RECORDED DATA>
* * * *

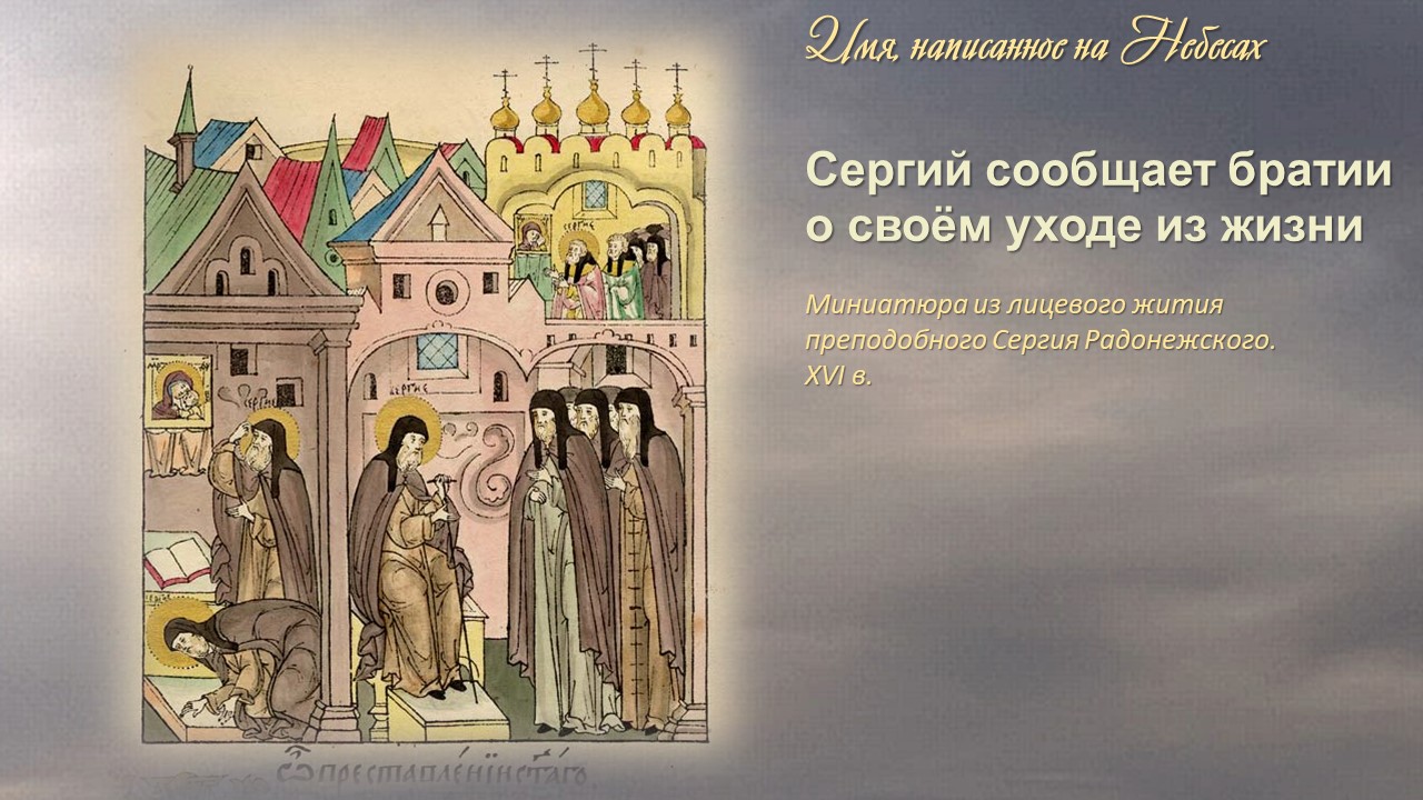 К тому времени «преподобный Сергий просиял в своём месте, в монастыре, называемом Радонежским… имя его прославлялось повсюду, в разных землях и городах, ибо добродетели свойственно делать видимым для всех её стяжавшего», — пишет Епифаний.
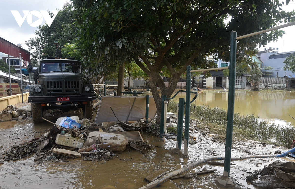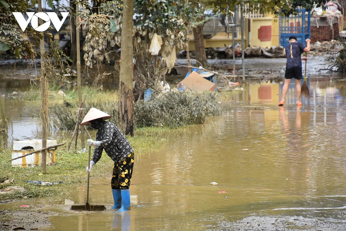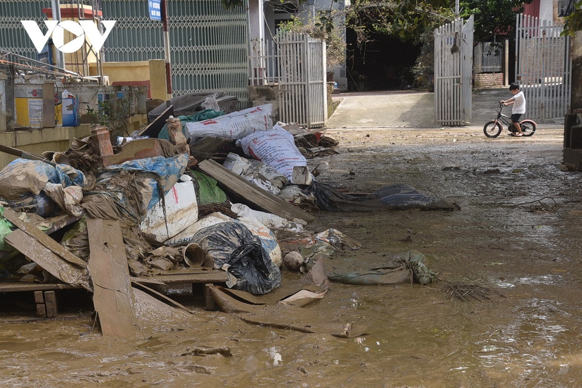 Rác và bùn đất phủ dày đặc khắp nơi, để lại cảnh hoang tàn sau lũ.
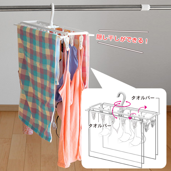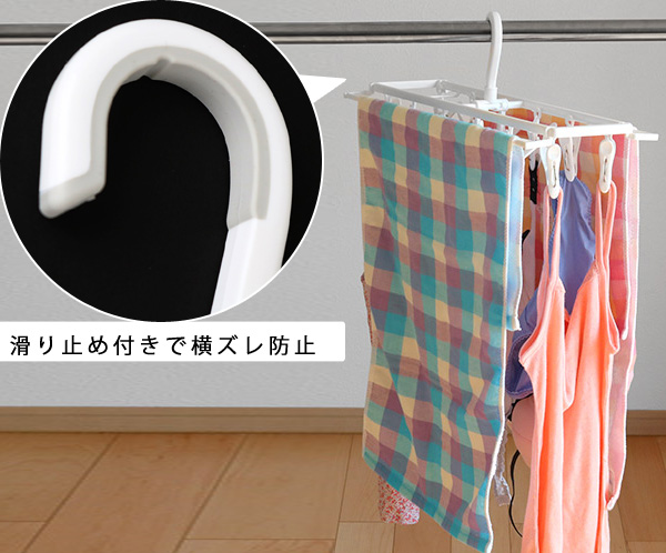 ![]() ![]() ![]() 隠し干しできるから、下着を干すのに最適♪ 小物干しの両サイドのタオルバーを広げれば、タオルで隠し干しが出来ます。タオルと同時に靴下や下着などの小物が干せるので便利です。 ![]() ノンスリップ(滑り止め)のハンガー部分で横ズレ防止 フック部分は90度ごとに回転固定するから安定感バツグン!また、風などでの移動を防ぐノンスリップ(滑り止め)が施されています。パイプハンガーにかけるのにちょうど良いフックですので、室内干しにもオススメです。 ![]() ![]()
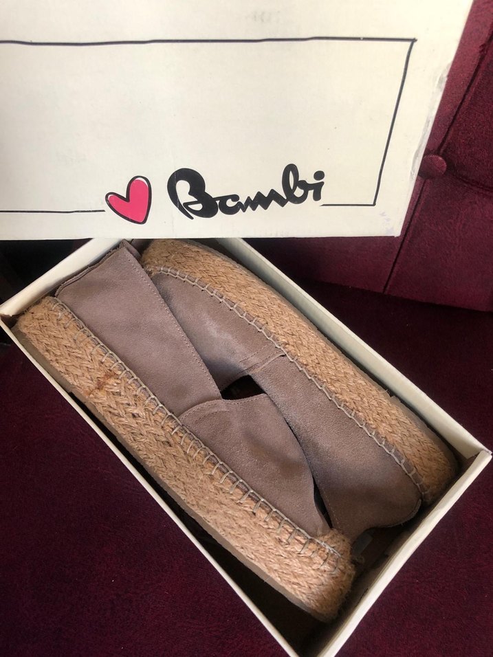 Bambi espadril. Vizon rengi, hakiki süet. kalın tabanlı. Burnu, tabanı ve altı hasır. Sadece 1 kez giyildi. Çok iyi durumda. Neredeyse yeni gibi. Saklama koşullarından ötürü hafif deformasyonu var ama içine gazete tomarları yerleştirilerek zamanla normal hale getirilebilir sanıyorum. Orijinal kutusunun içinde. İlkbahar ve yaz için günlük şık ve rahat bir seçim. ✨Ürün fotoğraflarda görüldüğü durumda gönderilir. ✨Tüm ürünlerimi dürüst ve detaylı tarif ediyorum. Kargolamadan önce ürünü tekrar kontrol ediyor, daha önce gözümden kaçıp ilanda bahsetmemiş olduğum bir husus olduğunu fark ettiğimde hemen alıcıyı bilgilendirip isterse siparişi iptal ediyorum. ✨İADE KABUL EDEMİYORUM, lütfen tüm sorularınızı satıştan önce sorunuz

* * * *

PROBLEM> Each line of the data above must be repeated exactly, images excluded.

YOUR SOLUTION>
 К тому времени «преподобный Сергий просиял в своём месте, в монастыре, называемом Радонежским… имя его прославлялось повсюду, в разных землях и городах, ибо добродетели свойственно делать видимым для всех её стяжавшего», — пишет Епифаний.
 Rác và bùn đất phủ dày đặc khắp nơi, để lại cảnh hoang tàn sau lũ.
 ![]() ![]() ![]() 隠し干しできるから、下着を干すのに最適♪ 小物干しの両サイドのタオルバーを広げれば、タオルで隠し干しが出来ます。タオルと同時に靴下や下着などの小物が干せるので便利です。 ![]() ノンスリップ(滑り止め)のハンガー部分で横ズレ防止 フック部分は90度ごとに回転固定するから安定感バツグン!また、風などでの移動を防ぐノンスリップ(滑り止め)が施されています。パイプハンガーにかけるのにちょうど良いフックですので、室内干しにもオススメです。 ![]() ![]()
 Bambi espadril. Vizon rengi, hakiki süet. kalın tabanlı. Burnu, tabanı ve altı hasır. Sadece 1 kez giyildi. Çok iyi durumda. Neredeyse yeni gibi. Saklama koşullarından ötürü hafif deformasyonu var ama içine gazete tomarları yerleştirilerek zamanla normal hale getirilebilir sanıyorum. Orijinal kutusunun içinde. İlkbahar ve yaz için günlük şık ve rahat bir seçim. ✨Ürün fotoğraflarda görüldüğü durumda gönderilir. ✨Tüm ürünlerimi dürüst ve detaylı tarif ediyorum. Kargolamadan önce ürünü tekrar kontrol ediyor, daha önce gözümden kaçıp ilanda bahsetmemiş olduğum bir husus olduğunu fark ettiğimde hemen alıcıyı bilgilendirip isterse siparişi iptal ediyorum. ✨İADE KABUL EDEMİYORUM, lütfen tüm sorularınızı satıştan önce sorunuz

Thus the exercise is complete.